One of the primary topics of Parshat Bereshit is Adam Harishon’s one commandment from Hashem, the famous instruction not to eat from the Etz Hada’at. In “Michtav Mayeliyahu,” Rav Eliyahu Dessler asks an obvious question: How could it be that Adam Harishon failed to keep this commandment? He had nearly everything he could want, and yet he wanted the one thing he could not have! Rav Dessler answers that Adam did not commit his sin by accident or without intent. Adam knew what he was doing and what the consequences would be – and yet he still ate from the tree! According to Rav Dessler, Adam reasoned to himself, “If I commit this Aveirah, I will get an internal Yetzer Harah, which will try to force me to sin. When I still obey Hashem’s will even then, my reward will be far greater, since there will be an internal force trying to stop me!” Hakadosh Baruch Hu, however, disagreed. He knew, in His infinite wisdom, that the Yetzer Harah cannot be underestimated. Adam thought that if he had the test of an internal inclination towards evil, he would still do Hashem’s will, meriting greater reward. Hashem responded that Adam, though correct in theory, was not correct in practice. Once an internal force of evil exists, doing Hashem’s will is something no one can be sure of. One never knows when he will slip.

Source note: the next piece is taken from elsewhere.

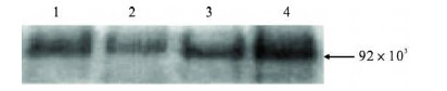 2.3 低氧对心脏右心室ACE2 蛋白水平表达影响( 图 2)![]() | 注: 1: 对照组; 2: 缺氧1 d; 3: 缺氧3 d; 4: 缺氧30 d。 图 2 W estern blo t检测右心室心肌组织ACE2 蛋白表达 |
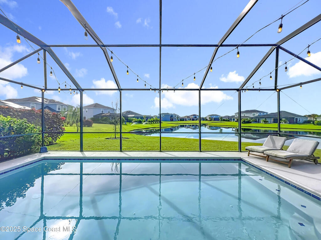 This lakefront pool home in the heart of Viera is located in Sierra Cove just less than 1 mile from I-95 and a part of Brevard's Premier School District. This sprawling 5 bedroom 4.5 bathroom lakefront pool home is loaded with extra's. Boasting a gourmet kitchen with a gas stove, impact windows, plantation shutters, built in wall units, reverse osmosis water filtration system, exterior termite protection, security system, google home and smart home wired. Includes a 3 car garage to accommodate your golf cart. The outdoor living has an inviting inground screened pool with a very large deck over looking a winding pond. This golf cart community includes a resort style swimming pool and children's pool, Tennis, Pickleball and Basketball courts, children's park, dog park and a large activity center. This home is truly turnkey

This point is well illustrated by two other cases in Tanach. The first is the Parsha of the Yefat Toar. This is the case described in Parshat Ki Tetzei of an opposing army sending women to the front lines of a war to entice the Jewish army. The Torah provides a way for the Jewish soldier in this situation to marry such a girl sent by the enemy. Let us stop for a moment and consider who this Jewish soldier really is. The Torah tells us in Parshat Shoftim that to be a Jewish soldier, one must be unafraid (see Devarim 20:1-9). Rashi there brings a Machloket from the Gemara as to what “afraid” means. Rabi Akiva says the man whom the Torah excuses is afraid of warfare, whereas Rabi Yose Hagelili argues that he is afraid Hashem will let him die in battle because of his Aveirot. According to Rabi Yose Hagelili, then, any soldier who has actually made it to the battlefield must be righteous enough to be unafraid of Hashem’s punishment in war. It is strange to think that this is the soldier who is so easily enticed in the case of the Yefat Toar! Rabbi Tzvi Hirsch Weinreb comments that this comes to illustrate the point made above. One can never be sure, when it comes to a test, whether he will be able to conquer his Yetzer Harah.

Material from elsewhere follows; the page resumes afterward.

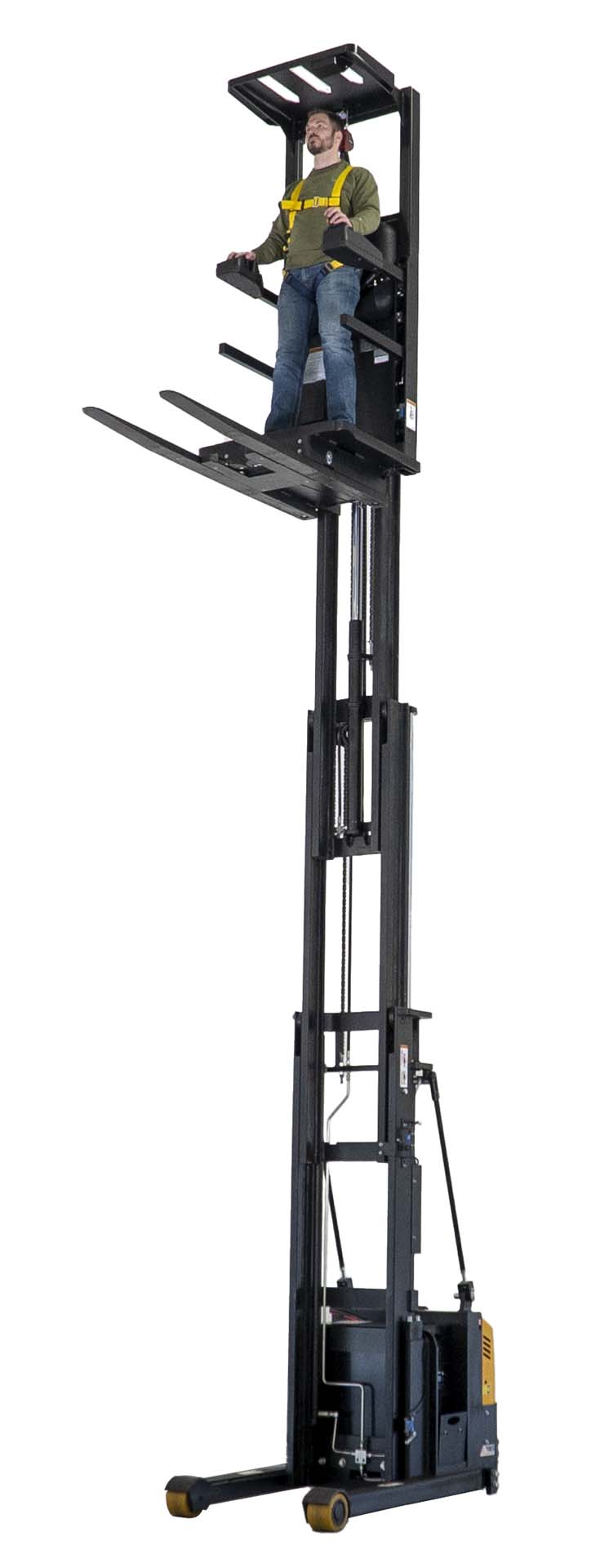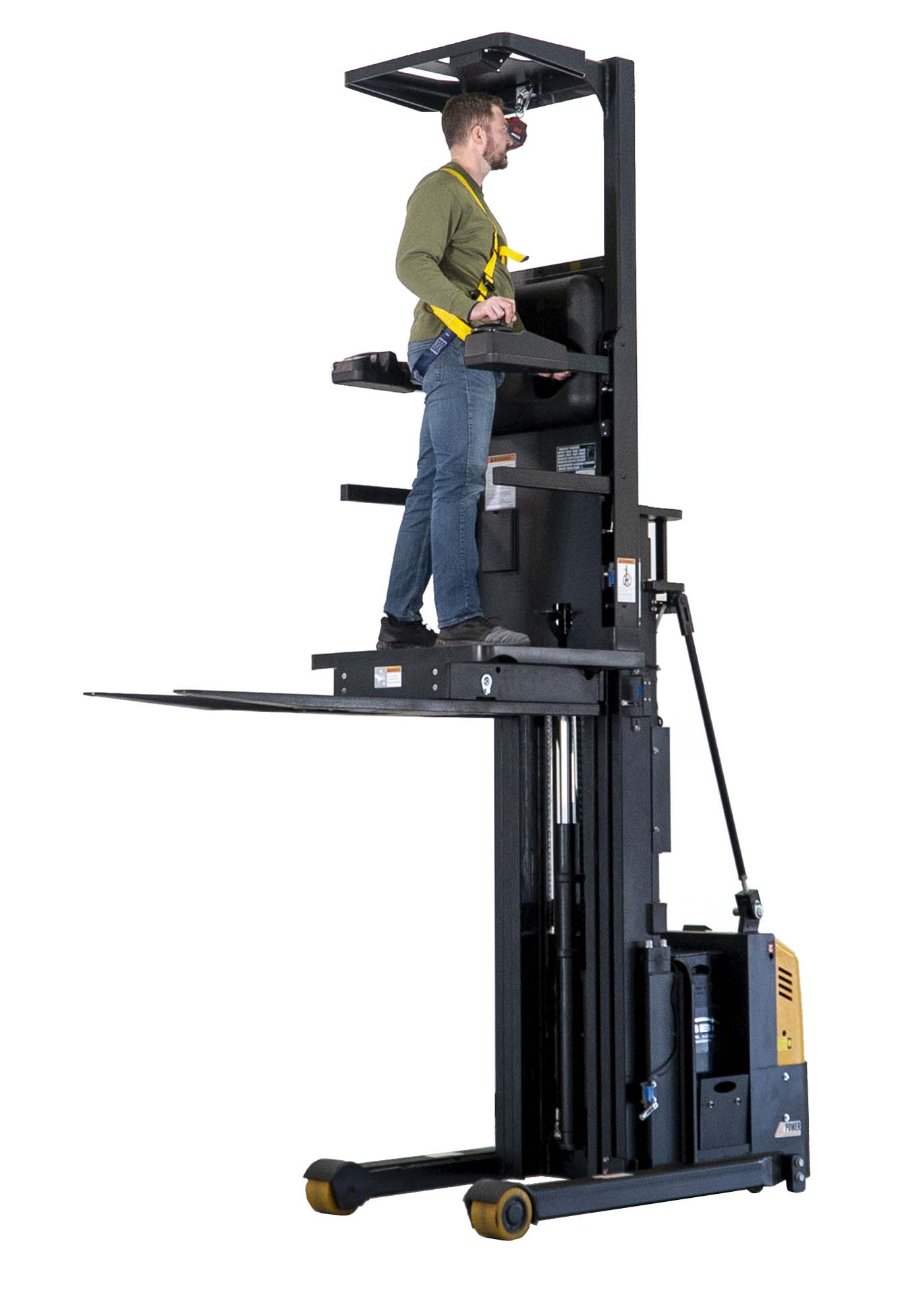 J2 Low Level Order Picker can be used to effectively order pick from low level locations and improve access to pick faces close to the floor. Travel is provided by a high efficiency AC drive motor on each unit that can be programmed through the onboard LCD dash. Power comes from a 340AH industrial battery or 224AH AGM maintenance free battery pack that is an available option.

The second example from Tanach is that of David Hamelech and Batsheva. The Midrash says that David asked Hashem why his name could not be included in the first Berachah of Shemoneh Esrei, next to the Avot. Hashem responded that all the Avot had proven themselves by passing difficult tests, but that David had not. David therefore asked Hashem to send him a test, so that he could pass the test and merit to have his name in Shemonah Esrei. When it came to the test, however, David failed. He did not resist his Yetzer Hara, and sinned in the Batsheva incident. This highlights the point that even great Tzaddikim like David Hamelech can never be sure of conquering their Yetzer Hara when put to the test.
The lesson for us is obvious. If our ancestors could not be sure of withstanding tests, how much more so we, who cannot approach their level, must be extremely careful to avoid situations which might lead to sin. As Adam Harishon and David Hamelech learned the hard way, it is not in our best interest to look for tests. As we pray every morning, may Hashem withhold the tests altogether, thus enabling us to keep His Torah and Mitzvot to the fullest.